For more about Pileggi’s forthcoming projects, be sure to connect with her on Facebook and Twitter!
Chapter 1
May 31, 1885 – The Idaho Territory
Back before I shot Mr. Bennett, most every day was ‘bout the same. Do what Pa said, work when I had to, eat when I could, sleep somewhere, start again when the sun come up. But after I got arrested, I didn’t have Pa to listen to no more. He wasn’t going to prison. Just me. Being that I was already ten and some, I figured I could pretty much take care of myself.
I hadn’t never been on a train before. I stretched my neck tall to see out that train window. What I really wanted was to get on my knees and look out on the whole big world going by. But it was hard to move around wearing them big old rusty handcuffs, and one of the guards woulda smacked me. Alls I could see anyways was black smoke blowing back from that loud coal engine.
There was four of us criminals. Me and two guys and one Chinaman. The Chinaman wore black pants, a black shirt, and a long tail braid down his back. The old guy with the beard wore a white shirt, jacket, and tie, but the ugly old guy wasn’t wearing much more than rags.
We didn’t say nothing on that train ride, ‘cause we woulda got smacked for that, too. Right at the start the tall guard with the long mustache said, “Set down and shut up,” and I wasn’t taking no chances, ‘cause I believed him and his rifle. The other guard, the fat one with the red face, him and his Winchester didn’t say not one word the whole way.
We got off the train in Boise, me and them three other men and them two guards. People stared at us shuffling along, our chains clanking and us looking all tough and mean.
Some train men lifted our belongings on top of a stagecoach. The beard man and the Chinaman had trunks. Not the ugly man and not me. I just had a old canvas bag, and he didn’t have nothing. The red-face guard set inside, right between me and the window. The mustache guard set up front with the driver. I hadn’t never been in a stage before either. Even with the windows open, it was rough riding and hot and smelly like to choke us all. I couldn’t see nothing but the nasty rotten teeth on the ugly man setting across from me.
When the stage stopped, Mustache and Red Face pulled us out. We was all met by a couple more guards, both holding rifles in their two hands. We was facing a big old round-top wood gate set in a high white stone wall. On one side of the gate, that stone wall kept going. But on the other side, the stones met up tight with a high wood fence. One of them new guards, a young guy with a bunch of orange hair, seen me looking.
“The whole fence used to be wood,” he said. “They’re bringing in stone to finish it out.”
I looked out beyond the wood section.

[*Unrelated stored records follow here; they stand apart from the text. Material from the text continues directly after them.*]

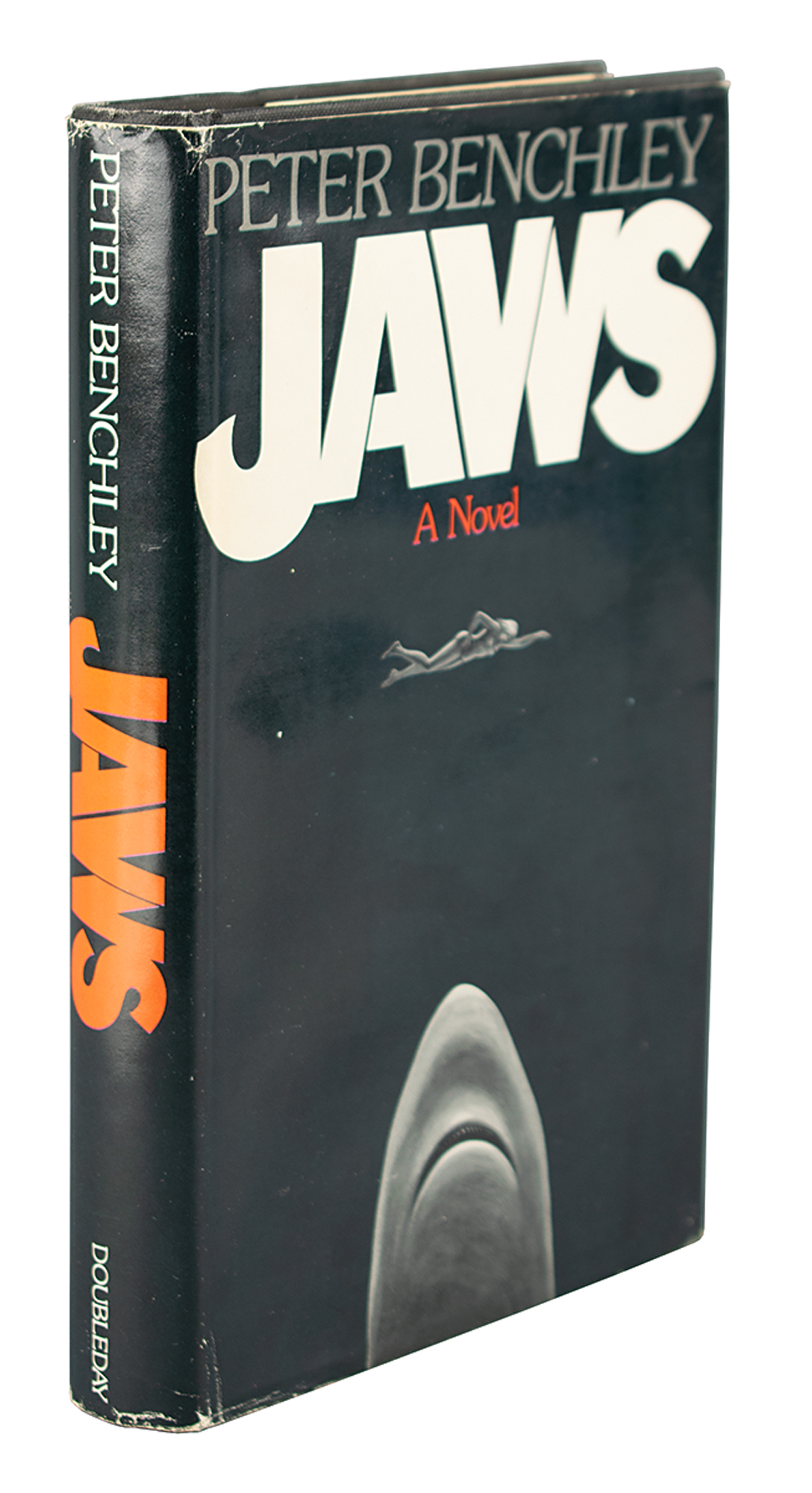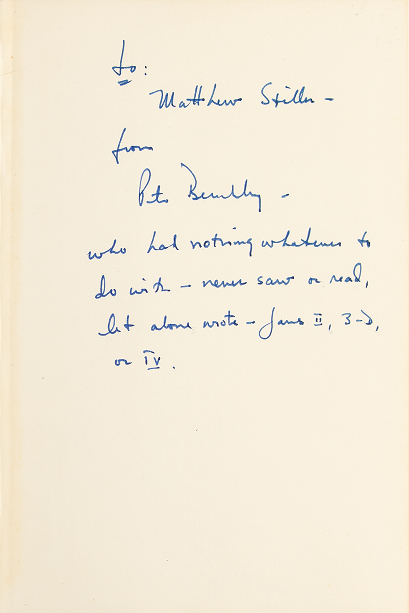 Signed book: Jaws. Later printing. Garden City, NY: Doubleday, 1974. Hardcover with dust jacket, 5.75 x 8.5, 311 pages. Signed and inscribed on the first free end page in blue felt tip, "To Matthew?from Peter Benchley, who had nothing whatever to do with—never saw or read, let alone wrote—Jaws II, 3-D, or TV." In fine condition, with minor edgewear to jacket.
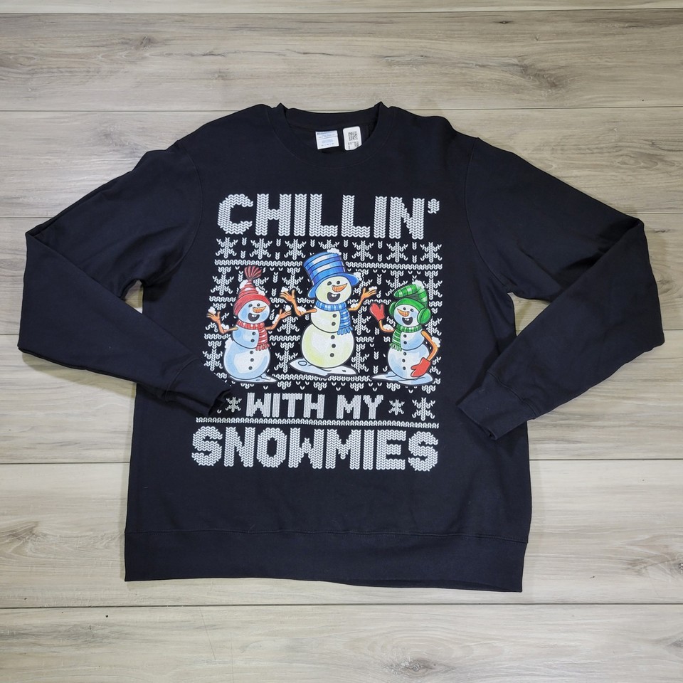Chilin With My Snowmes Sweater Men's Medium Black Short Sleeve
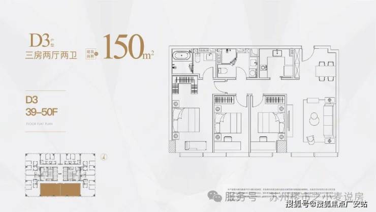 高区为39-50层,户型分别是125㎡,150㎡,180㎡。
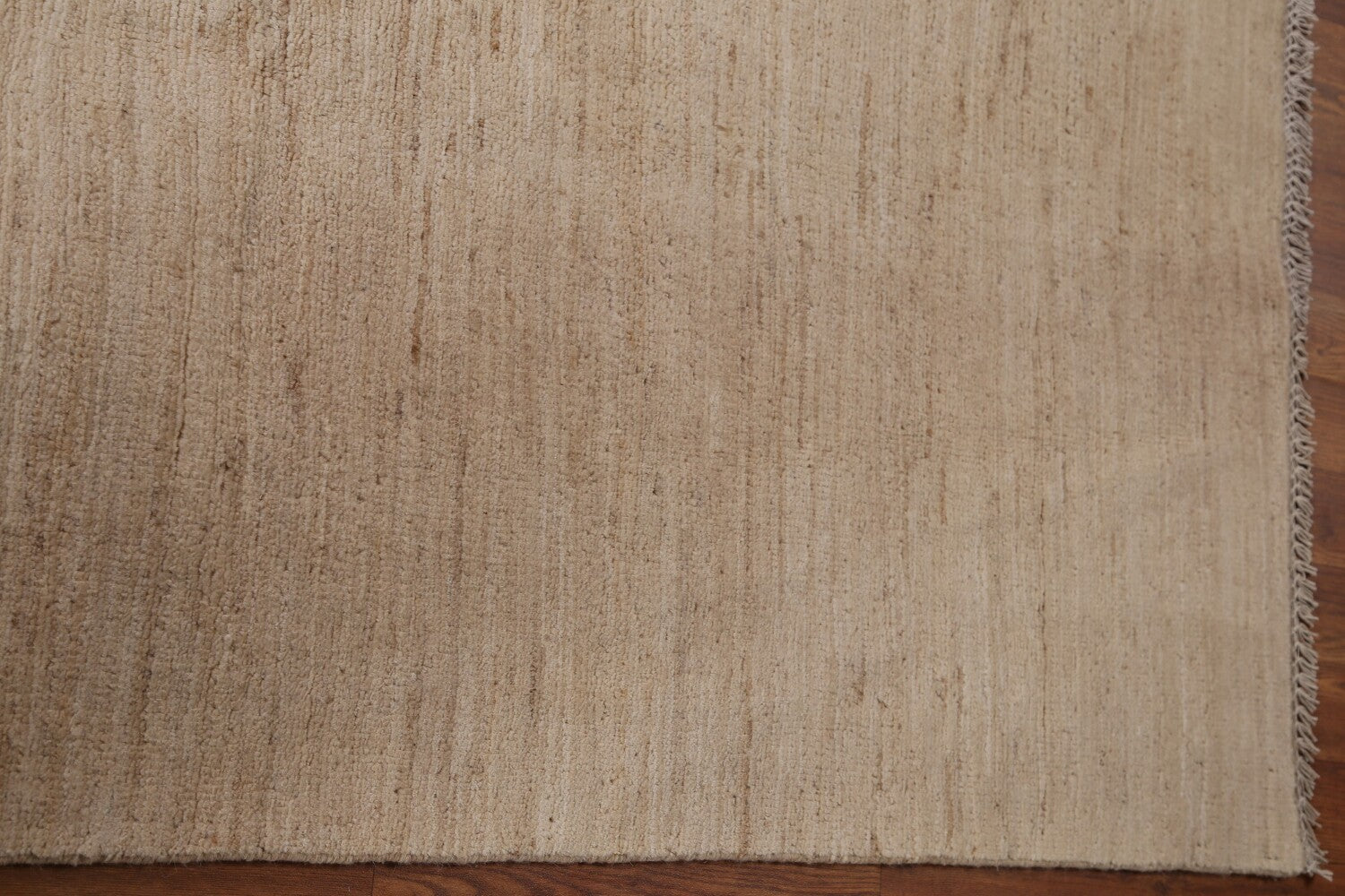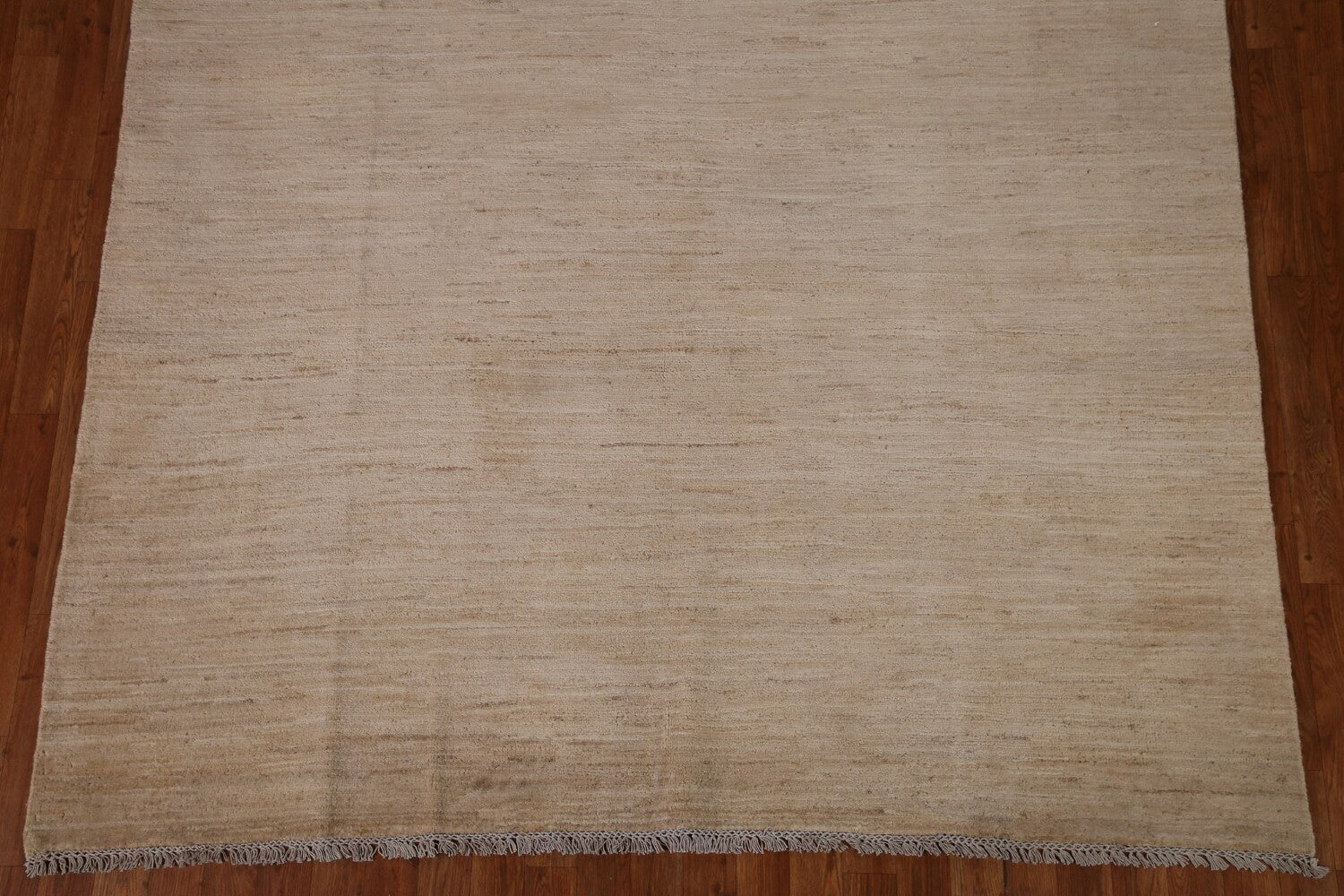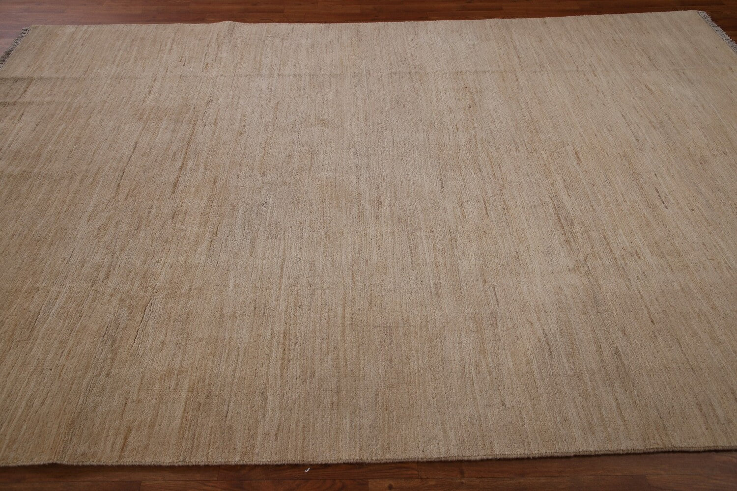 A Beautiful Genuine Pakistan Gabbeh (kashkoli) rug is Hand Knotted by skillful weavers in Pakistan with 100% Wool Material. This rug is in New, First Quality condition. dimensions are 9' 6'' X 6' 7'' in foot and 290 X 201 in centimeter. the primary color is Beige & Ivories.

Patches of scrub grass led up to the top of a steep hill where a cross pointed to the sky. I turned in a slow circle. Hills rolled up around us on most sides, like we was stew dregs in the bottom of a giant bowl.
The Mustache unlocked the gate. “Move it,” he said. The guards pushed us through and locked the gate behind us.
We was led across a stretch of dirt toward a stone building. Bars covered the windows, and a long wire run from one of them windows across to what I figured out was the cellblock. We four men and four guards moved all clumped together into the building and down a hallway, and then we packed tight near the doorway of some special room. I knew it was special ‘cause after our footsteps stopped making noise, it was so quiet I could hear my own heart beating in my ears.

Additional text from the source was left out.